## Data to process
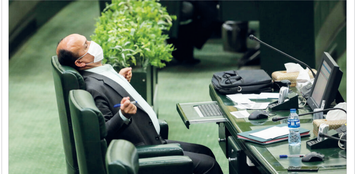
مجلس شورای اسلامی
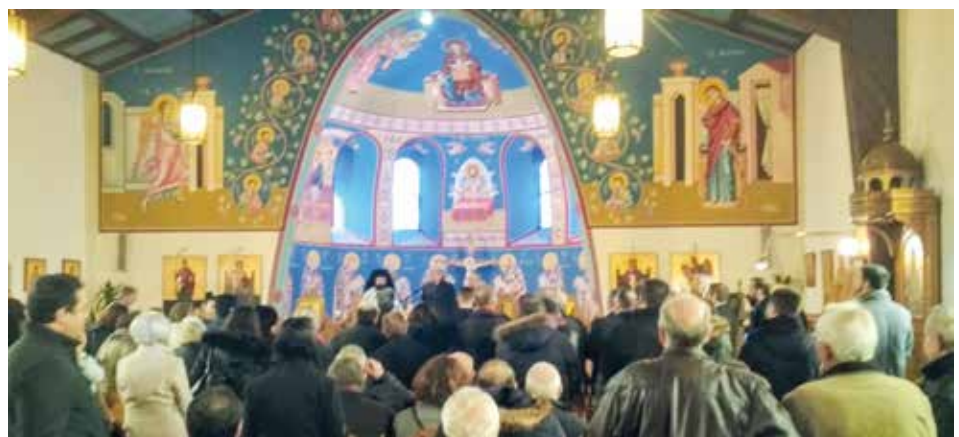
Volles Haus beim Neujahrsempfang
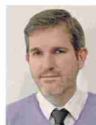
Antonio Amador Alcalde Andorra

«Todavía no se han establecido los criterios desde Bruselas. Es pronto para adelantar ningún proyecto»
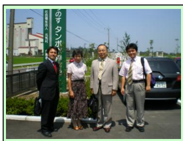
〔写真〕 高齢者施設 視察
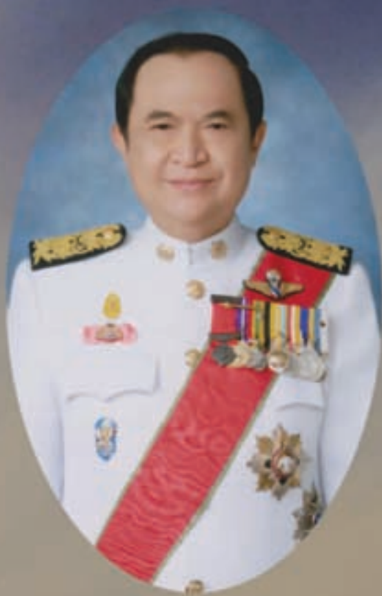
นายจรุพงศ์ เรืองสุวรรณ รัฐมนตรีว่าการกระทรวงมหาดไทย
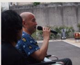
ご利用者代表による開会宣言 「みんなで楽しみましょう!」
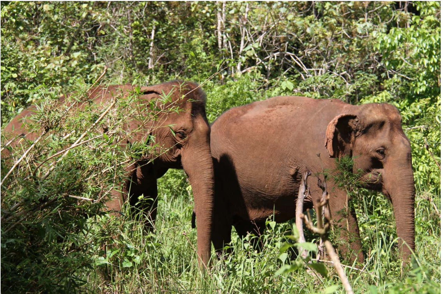
សត្វដំរីដែលជាប្រភេទសត្វងាយរងគ្រោះថ្នាក់ជិតផុតពូជកំពុងរស់នៅក្នុងតំបន់ព្រៃការពារកែវសីម៉ាក្នុងខេត្តមណ្ឌលគិរី។

តំបន់ព្រៃការពារភាគឥសាន្តៈ គ្របដណ្តប់លើផ្ទៃដីទំហំជាង៣០.០០០គីឡូម៉ែត្រការ៉េនៅភាគឥសាន្តនៃប្រទេសកម្ពុជា។ តំបន់នេះគឺជាផ្នែកមួយនៃព្រៃល្បោះតំបន់មេគង្គប៉ែកខាងក្រោម និងជាបណ្តុំព្រៃល្បោះធំជាងគេបង្អស់មួយនៅក្នុងតំបន់អាស៊ីអាគ្នេយ៍។ ជាមួយភាពចម្រុះនៃទីជម្រកដ៏ធំទូលាយ រាប់ចាប់តាំងពីព្រៃស្រោងតំបន់ភ្នំហួតដល់ព្រៃល្បោះ តំបន់ព្រៃការពារភាគឥសាន្តបានគាំទ្រដល់ការរស់នៅរបស់សត្វប្រភេទងាយរងគ្រោះថ្នាក់ជិតផុតពូជដូចជា ដំរី ខ្លាធំ ខ្លាខ្លី ខ្លាពពក ឆ្កែព្រៃ ក្របីព្រៃ ប្រើស ក្រពើភ្នំ និងរមាំងជាដើម។ ព្រៃតំបន់នេះក៏ជាទីជម្រកដ៏សំខាន់របស់សត្វស្លាបធំៗប្រភេទងាយរងគ្រោះថ្នាក់ជិតផុតពូជ និងកំពុងរងការគំរាមកំហែងព្រមទាំងជាទីជម្រករបស់សត្វទន្សោងដែលមានចំនួនច្រើនជាងគេបង្អស់នៅលើពិភពលោក។ ក្រុមអ្នកជំនាញសត្វខ្លាជឿថាតំបន់នេះមានសក្តានុពលខ្ពស់សម្រាប់ការស្តារឡើងវិញនូវចំនួនសត្វខ្លាធំដោយសារតែវិសាលភាពដ៏ធំធេងនៃព្រៃជាទីជម្រក និងការកើនឡើងនៃចំនួនសត្វជាចំណី។ ជាងនេះទៅទៀត ជនជាតិដើមភាគតិចជាច្រើនក៏កំពុងរស់នៅ និងពឹងអាស្រ័យយ៉ាងខ្លាំងលើផល និងអនុផលព្រៃឈើតំបន់នេះសម្រាប់អាហារប្រពៃណី វប្បធម៌ និងប្រាក់ចំណូលផងដែរ។
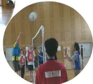
ネットぎわの攻防戦
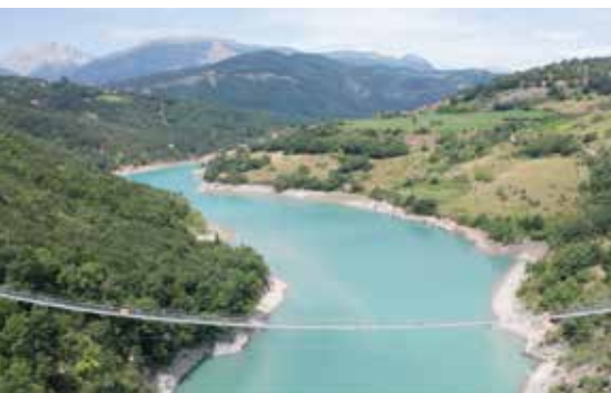
La passerelle himalayenne du Drac
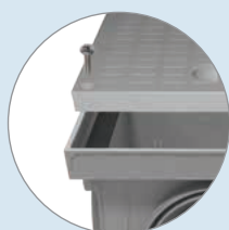
Compatibile con il pozzetto "SUPER" a pag.10
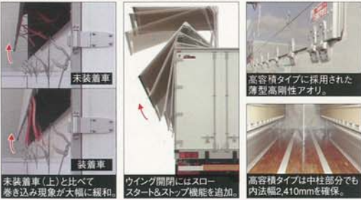
未装着車 (上) と比べて巻き込み現象が大幅に緩和。

日本フルハーフは、このたび、新型ウイングトレーラ「フルハーフ ウイングエース トレーラ」を改良し、6月16日より全国一斉に発売を開始しました。 日本の運輸部門は、CO 2 削減対策の一環として、さらなるトラック輸送の効率化、車両の大型化、トレーラ化が求められています。そうした時代の要求を背景にして、アルミウイングトレーラのパイオニアである当社はウイングトレーラの改良に取り組み、高容積陸送・高品質輸送時代の対応を図りました。 〈主な変更点〉 ●高容積タイプの追加…中柱の突起が無いフラットな薄型高剛性アオリ
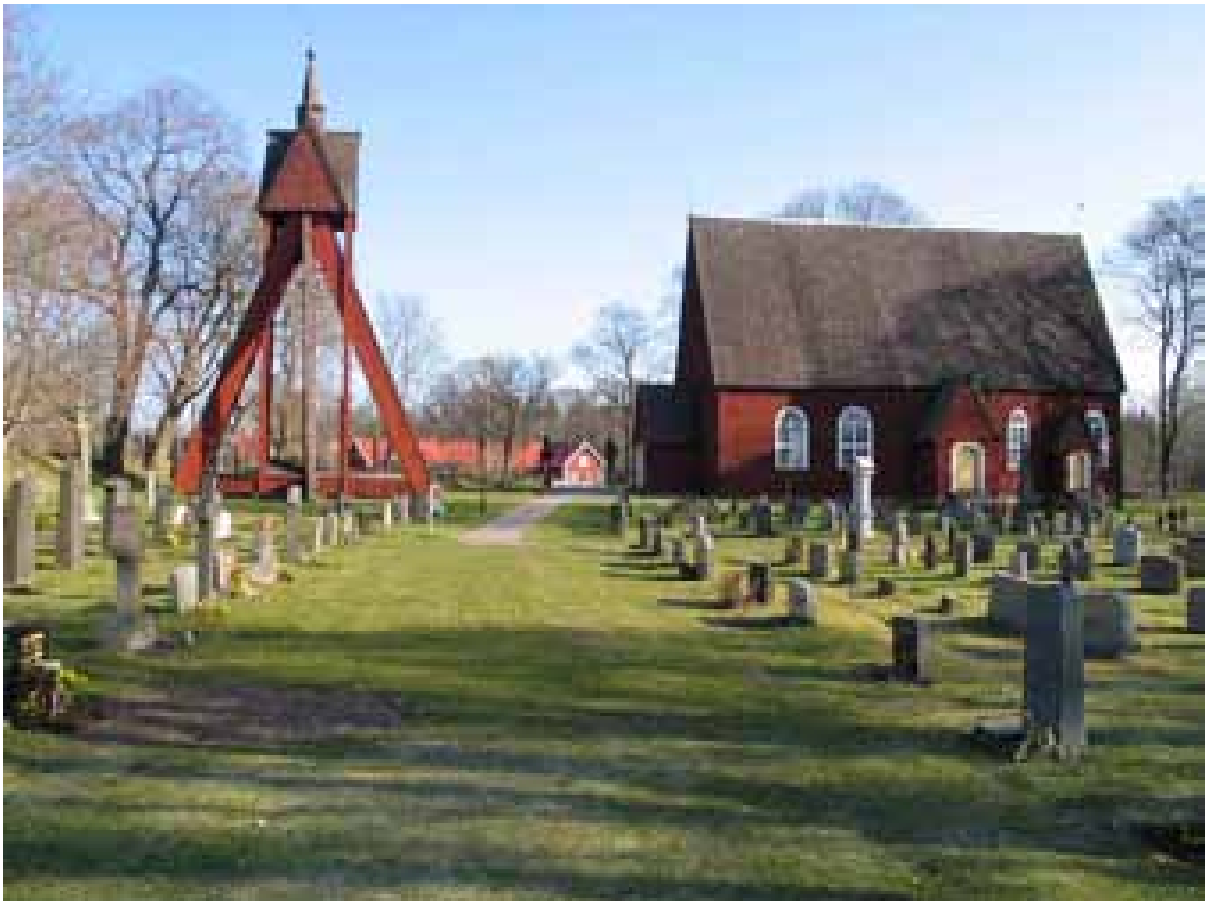
KI Kråksmåla kyrkog 010

Kulturhistorisk inventering av kyrkogårdar/ begravningsplatser i Växjö stift 2005
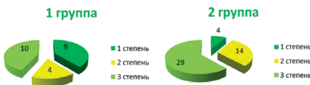
Рис. 4. Распределение степеней гиперестезии у пациентов обеих групп.
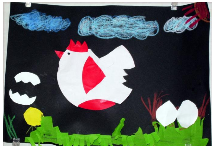
年長児クラスによる作品
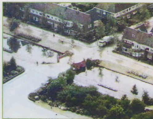
Een luchtfoto van kort voor 1960.

## What to do
All pictures are to be skipped. Output, word for word, the lines in the data above starting at the line containing "ご利用者代表による開会宣言 「みんなで楽しみましょう!」" and ending at the line containing "សត្វដំរីដែលជាប".

## Response to the task
ご利用者代表による開会宣言 「みんなで楽しみましょう!」
សត្វដំរីដែលជាប្រភេទសត្វងាយរងគ្រោះថ្នាក់ជិតផុតពូជកំពុងរស់នៅក្នុងតំបន់ព្រៃការពារកែវសីម៉ាក្នុងខេត្តមណ្ឌលគិរី។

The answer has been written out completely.